23 October 2023

Becoming Orthodox by Peter Gillquist


A review of Becoming Orthodox: A Journey to the Ancient Christian Faith by Peter Gillquist (Chesterton, IN: Conciliar Press, 2009 [1989]).

During my pilgrimage to Orthodoxy, I came across several books by individuals tracing their own journeys to the Orthodox Church. As the title suggests, this volume falls into that genre. However, unlike most stories of this sort, it recounts not the journey of a single person but of an entire network of churches (about 2,000 individuals and their pastors).

Gillquist begins by outlining the history of the house church network to which he belonged, describing how it emerged out of Campus Crusade for Christ. Having become Christians in the hothouse environment of student evangelicalism, many of these people found it hard to settle into North American church culture after graduation. Responding to their dissatisfaction with the fragmentation, sectarianism, and worldliness of Protestant Christianity, Gillquist and several other Campus Crusade workers resigned their posts and began to set up house churches that would try to recapture the church life they read about in the New Testament.

As Gillquist presents the story, a crucial stage in this development was the decision of the network leaders to embark on a series of studies working forward from the New Testament exploring doctrine, worship, and church history in order to answer the question of what a church that was trying to be faithful to the New Testament should look like today. They spent a couple of years on these studies, eventually sharing their findings with each other at a retreat in 1975. The outcome was that this network of evangelical house churches metamorphosed into a denomination that was orthodox in doctrine (i.e. adhering to the ecumenical creeds), liturgical in worship, and conciliar and episcopal in structure. In early January 1979 the leaders of the network ordained themselves as bishops and renamed the network, the Evangelical Orthodox Church.
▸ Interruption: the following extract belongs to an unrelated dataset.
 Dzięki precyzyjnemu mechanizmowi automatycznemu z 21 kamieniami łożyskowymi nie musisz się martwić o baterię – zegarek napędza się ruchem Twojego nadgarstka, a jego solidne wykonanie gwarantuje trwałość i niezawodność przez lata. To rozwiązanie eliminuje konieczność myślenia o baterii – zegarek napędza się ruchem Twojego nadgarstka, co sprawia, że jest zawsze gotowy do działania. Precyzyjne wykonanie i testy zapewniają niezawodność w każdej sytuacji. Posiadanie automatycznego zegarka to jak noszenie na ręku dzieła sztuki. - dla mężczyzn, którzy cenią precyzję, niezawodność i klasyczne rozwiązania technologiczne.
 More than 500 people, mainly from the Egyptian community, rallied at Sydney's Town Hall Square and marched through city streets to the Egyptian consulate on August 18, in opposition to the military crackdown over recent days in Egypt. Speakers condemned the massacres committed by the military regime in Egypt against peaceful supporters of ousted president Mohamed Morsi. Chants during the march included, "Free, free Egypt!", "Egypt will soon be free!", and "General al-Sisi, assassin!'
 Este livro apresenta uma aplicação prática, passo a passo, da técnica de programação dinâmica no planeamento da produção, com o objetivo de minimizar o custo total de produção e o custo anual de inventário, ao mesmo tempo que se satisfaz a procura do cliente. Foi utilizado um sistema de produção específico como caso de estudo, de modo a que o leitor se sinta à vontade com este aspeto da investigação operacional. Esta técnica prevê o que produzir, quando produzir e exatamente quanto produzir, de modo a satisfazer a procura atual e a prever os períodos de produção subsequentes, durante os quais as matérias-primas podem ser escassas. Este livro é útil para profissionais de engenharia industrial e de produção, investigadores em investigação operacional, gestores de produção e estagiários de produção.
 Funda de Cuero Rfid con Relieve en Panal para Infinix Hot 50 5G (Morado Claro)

He picks up the story again in Part III, tracing their early contacts with Orthodoxy in the late 1970s. Alexander Schmemann is singled out as a particularly important influence on them at this time. By the mid 1980s they felt ready to approach the Ecumenical Patriarch and ‘seek his guidance as to how we should enter the Church’. This they did in June 1985 with the support of the Greek Orthodox Archbishop of America. What happened next, he describes as ‘Byzantine intrigue’. As they were en route to Istanbul, Archbishop Iakovos advised them to abandon their trip, and when they arrived the Ecumenical Patriarch refused to receive them. To be fair to Constantinople, Orthodox sources have pointed out that they were uneasy with the EOC’s strongly hierarchical approach to authority and were unwilling to allow the married leaders of the EOC to continue as bishops (episcopal celibacy is a longstanding tradition within Orthodoxy).
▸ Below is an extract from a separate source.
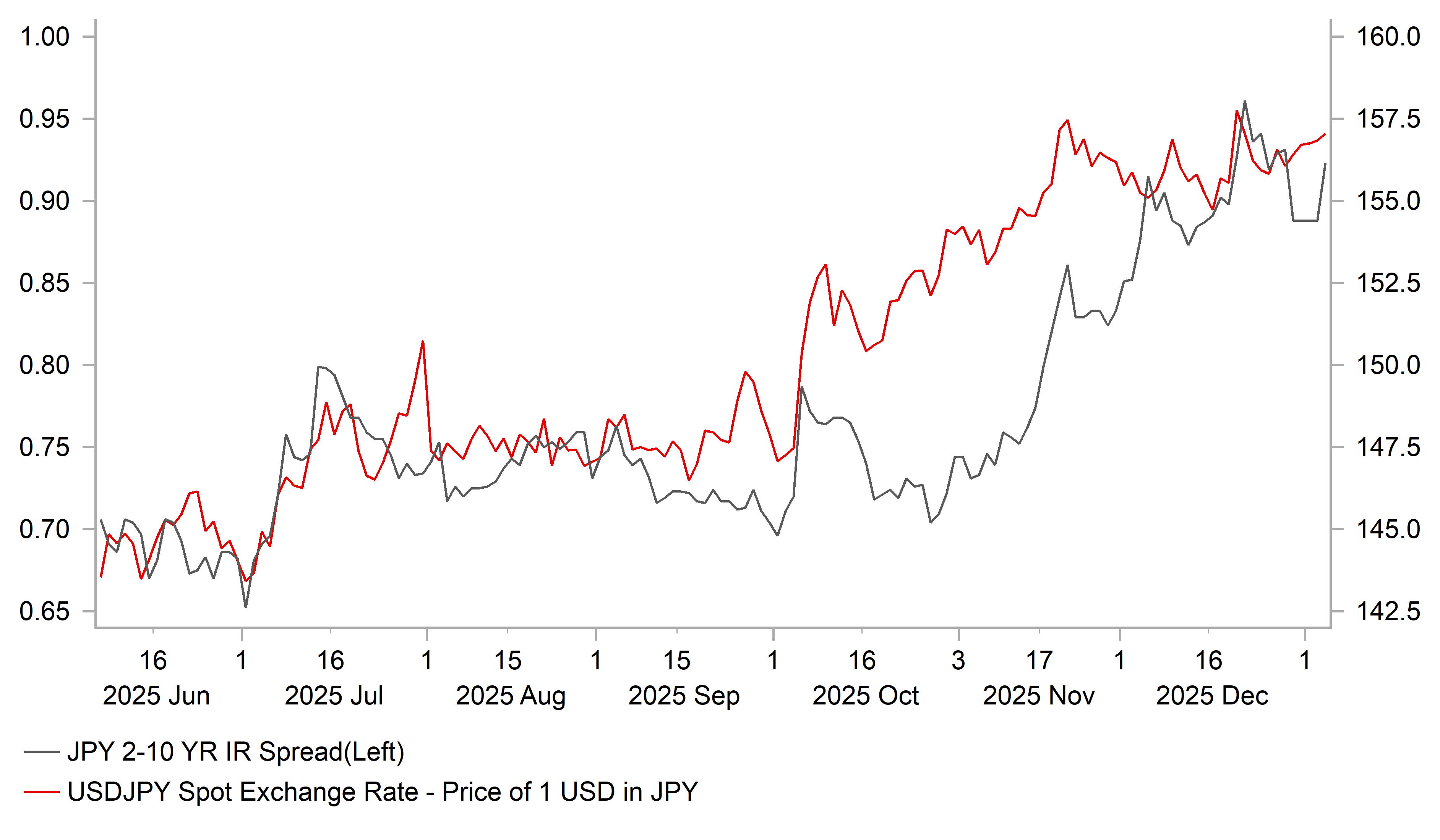 The sell-off in the JGB market has restarted at the start of this week with the 10-year yield hitting a fresh high overnight at 2.13%. It has now risen by around 45-50bps over the last couple of months. The sharp ongoing sell-off continues to reflect concerns over fiscal risks in Japan under Prime Minister Takaichi, and the hawkish repricing of BoJ rate hike expectations. Over the same period the 2-year JGB yield has increased by around 25-30bps which is more closely linked to BoJ rate hike expectations. It has jumped higher by almost 10bps over the last couple of trading days as market participants move to price in more active tightening from the BoJ. The Japanese rate market is more fully pricing in two further 25bps hikes from the BoJ in 2026 with the next hike expected in June or July. The weak yen and loose fiscal policy will put more pressure on the BoJ to raise rates further this year.

That could easily have been the end of the story. Certainly, some of those involved in the abortive trip to Istanbul wanted no more to do with Orthodoxy. However, the majority decided to go through with an already planned meeting with the Patriarch of Antioch who was visiting the United States that summer. That meeting couldn’t have been more different. The Patriarch greeted them with enthusiasm and encouraged them to explore becoming part of the Antiochian Church. This they did, and the upshot was that they were accepted into the Antiochian Church in early 1987 on condition that their ‘bishops’ accept the status of priests or archpriests and that they receive further instruction in the Orthodox faith.
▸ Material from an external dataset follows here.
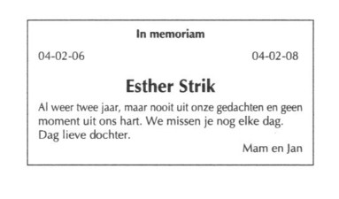 Ik ben heel blij dat ik Esther als mijn nicht heb mogen hebben n zonder het groter te maken dan dat het is, ik vond haar echt een moordwijf. Als Esther iets vond was het oke in mijn ogen. Dat ik haar dan nu naar alle waarschijnlijkheid in ga halen, vind ik ondragelijk. Belachelijk. Zij was altijd net een stap verder. Ik hield van haar, nee ik hou nog steeds van haar, dat gevoel zal altijd blijven en ik ben heel blij, dat ik haar dat nog uit de grond van mijn hart heb kunnen zeggen. En zij mij ook, in haar laatste smsje op 29 januari 2006:

Sandwiched between the two historical sections of the book is a part entitled ‘Orthodoxy and the Bible’, addressing the aspects of Orthodoxy which, according to Gillquist, they found particularly challenging. The five chapters of this section deal in turn with tradition, liturgical worship, the use of ‘father’ as a title, the role of Mary, and the sign of the cross. I have to confess that I find this selection rather idiosyncratic to say the least. Certainly, it is not quite the list of issues that I would expect evangelicals to have with Orthodox theology and spirituality. In my experience, such a list would include the place of icons in prayer and worship, praying for the dead, veneration of the saints, the Orthodox understanding of the Christian life as a process of gradual divinization, Orthodox insistence on the importance human freedom and personal askesis (often misinterpreted by evangelicals as a doctrine of salvation by works), the Orthodox understanding of the Eucharist, and (among more sophisticated evangelicals) the Orthodox understanding of the Trinity since Gregory Palamas. None of these issues are tackled here, which severely limits the value of this section for commending Orthodoxy to evangelicals. It would have been interesting (and historically valuable) to have the working papers from their 1975 retreat included in this volume (perhaps as appendices).

In spite of that disappointment, this remains a readable account of an event that has had a major impact on the life of the Antiochian Orthodox Church in North America.